Expanding the Sixth Amendment’s Right to Counsel to Ensure Fairness for Noncitizen Defendants

By
Kathy Santamaria Mendez
44 Mitchell Hamline L.J. of Pub. Pol’y and Prac., issue 2, 163 (2023)

My name is Kathy Santamaria Mendez, and I am a Salvadoran-Honduran immigrant in the United States. I came to the United States with my family from El Salvador when I was two years old, originally as tourists, but life had other plans for us, and we ended up staying in the United States permanently. Even though I grew up in the United States and consider this country my home, I always grew up knowing that I am also a foreigner to this land, and even more complicated, that I am also a foreigner to El Salvador because I did not grow up there, and that has caused a disconnect with my roots.
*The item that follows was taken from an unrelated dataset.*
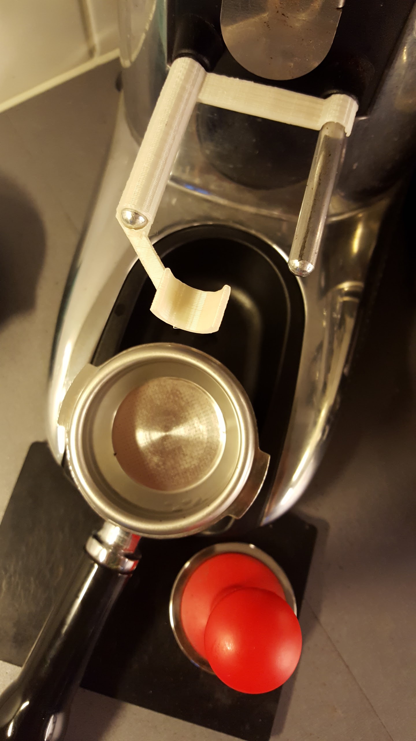 The hardest design issue was fitting the holes around the not entirely parallel pegs in a way that gives a snug fit while being strong enough to support the portafilter handle weight on the hook at sufficient distance to clear the spouts on the underside of the handle. First three designs were too flimsy and broke.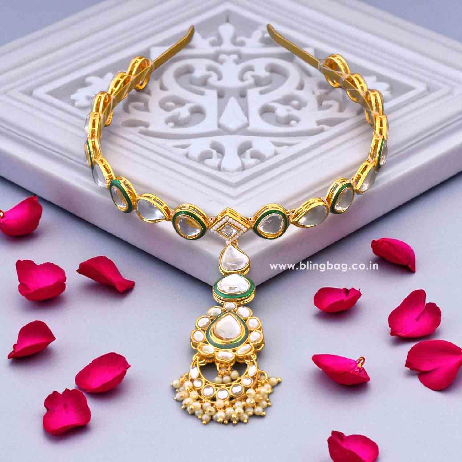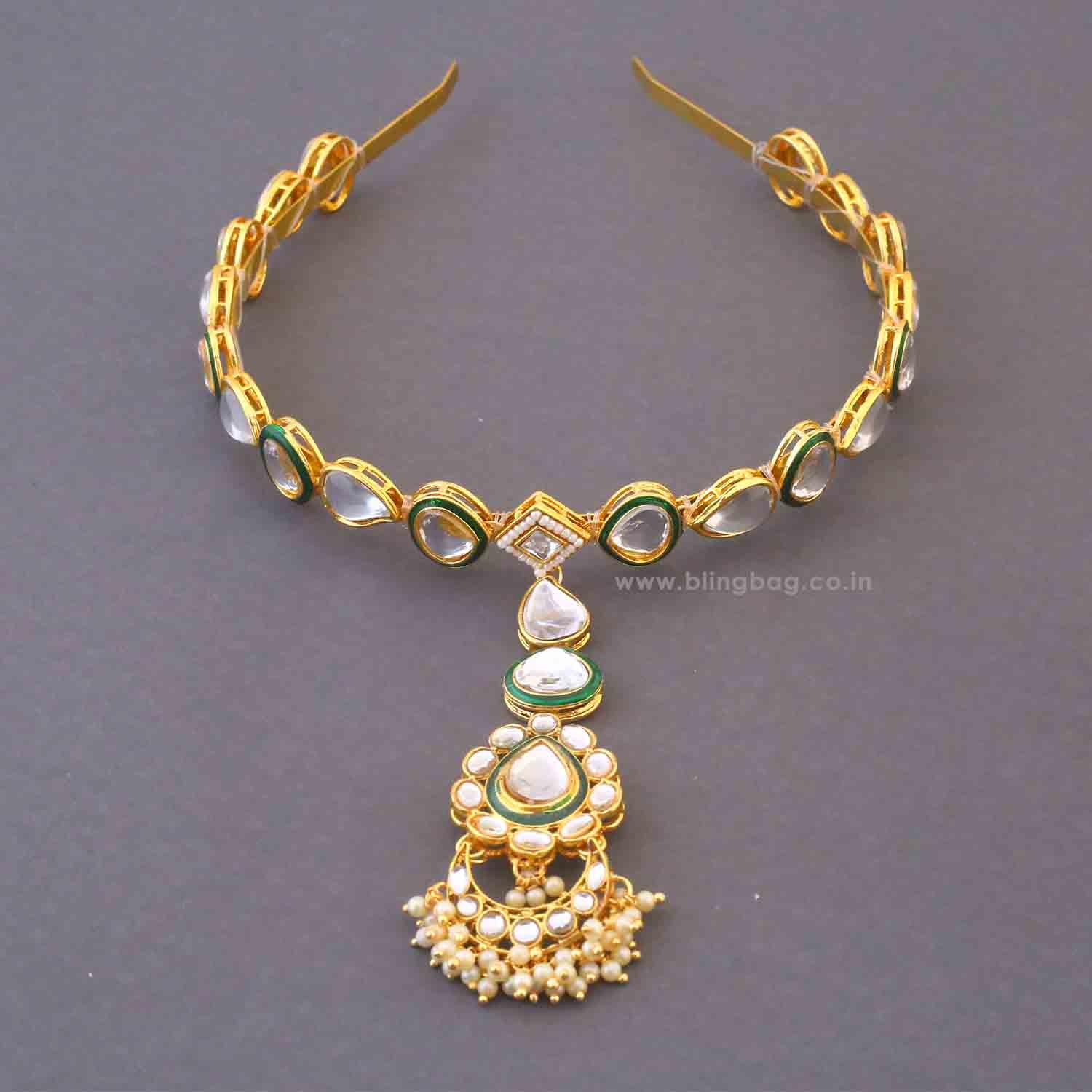 Designed to exude royal elegance, this headband with a tikka is a fusion of traditional charm and modern aesthetics. Adorned with intricate details, it gracefully complements bridal and festive looks, making it an essential accessory for grand occasions.

This complex situation of not feeling like you completely belong to any country is a daily experience for thousands of immigrants in the United States, many of whom came to the United States as young children and have known no other country. Each immigrant experience is different, and while I do not hope to use my experience to speak for all immigrants, I do hope to use my experience, and the experiences of loved ones, to shed light on a critical issue that has impacted my family, my friends, and many other community members around me—it is also one of the issues that pushed me to seek a career in law.
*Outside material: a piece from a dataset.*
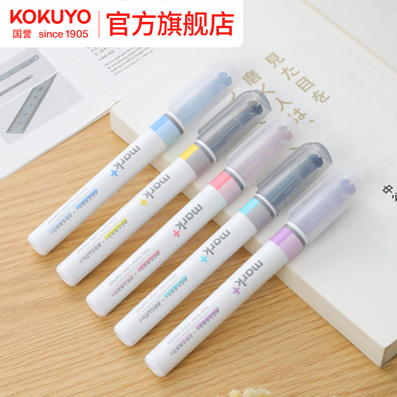 官方旗舰店 kokuyo国誉日本进口mark+彩色荧光笔划重点标记记号笔学生用学习用品文具双头淡色系深色系粗头笔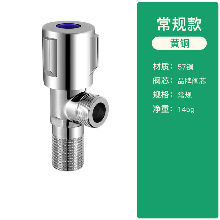 Triangle valve Brass hot and cold water valve Faucet switch Household heater Toilet thickened three-way eight-character water stop valve

This paper will discuss the problems that arise when a noncitizen finds themselves in a situation where a criminal law violation could lead them to a life-altering consequence of being removed from the United States. This is a reality that many immigrants face yearly, even those that, like me, grew up in the United States and know no other home. I believe our immigration system needs deep reform and that noncitizens deserve better. I have seen these issues far too often in my personal life, such as when my uncle was removed from the United States after unknowingly pleading guilty to theft, which led to his removal and the separation of a family. Other times include my friends who are living in the United States with temporary protection and have had this protection stripped away because they plead guilty to charges with no assistance from an attorney that could have advised them differently. I hope to bring awareness to this issue—among the many other issues in immigration law—and push other community members to also challenge and demand a change in immigration policy.

Whenever facing the possibility of becoming a defendant in a criminal case, most people are made aware of their Sixth Amendment right to counsel, which is meant to serve as a protection to the rights and freedoms guaranteed to us by The United States Constitution. The Sixth Amendment’s Right to Counsel Clause states that “[i]n all criminal prosecutions, the accused shall enjoy the right to…have the Assistance of Counsel for his defence [sic].”

Since the 1930s, the U.S. Supreme Court has both expanded and limited the Sixth Amendment’s Right to Counsel Clause, with the final interpretation occurring in Scott v. Illinois, where the Court found that this right applies only to those in criminal proceedings where there is a possibility of incarceration. In Scott’s dissent, the dissenting judges pointed out that using this standard, “denies the right to counsel in criminal prosecutions to accuseds [sic] who suffer the severe consequences of prosecution other than imprisonment.” One of the severe consequences faced by many in criminal proceedings is the possibility of deportation.

When Scott was decided in 1979, there were fewer offenses that triggered deportation, those grounds have drastically changed and expanded through the passing of the Illegal Immigration Reform and Immigrant Responsibility Act of 1996 (IIRAIRA, or “the Act”) and now includes more grounds of deportability than ever before. With these drastic changes and the negative effects courts were seeing for noncitizen criminal defendants, the Supreme Court of the United States decided in Padilla v. Kentucky that deportation is a “penalty” intimately intertwined with criminal convictions even if it is carried out by a different governmental agency.

This paper breaks down immigration law and its connection with criminal law and argues why the Sixth Amendment right to counsel should attach to all misdemeanor cases even if the charge does not include a possibility of incarceration for noncitizen defendants. By taking the holding in Padilla, this paper will examine how guaranteeing the right to counsel in all misdemeanor cases will ensure that noncitizen criminal defendants’ constitutional rights to liberty are protected.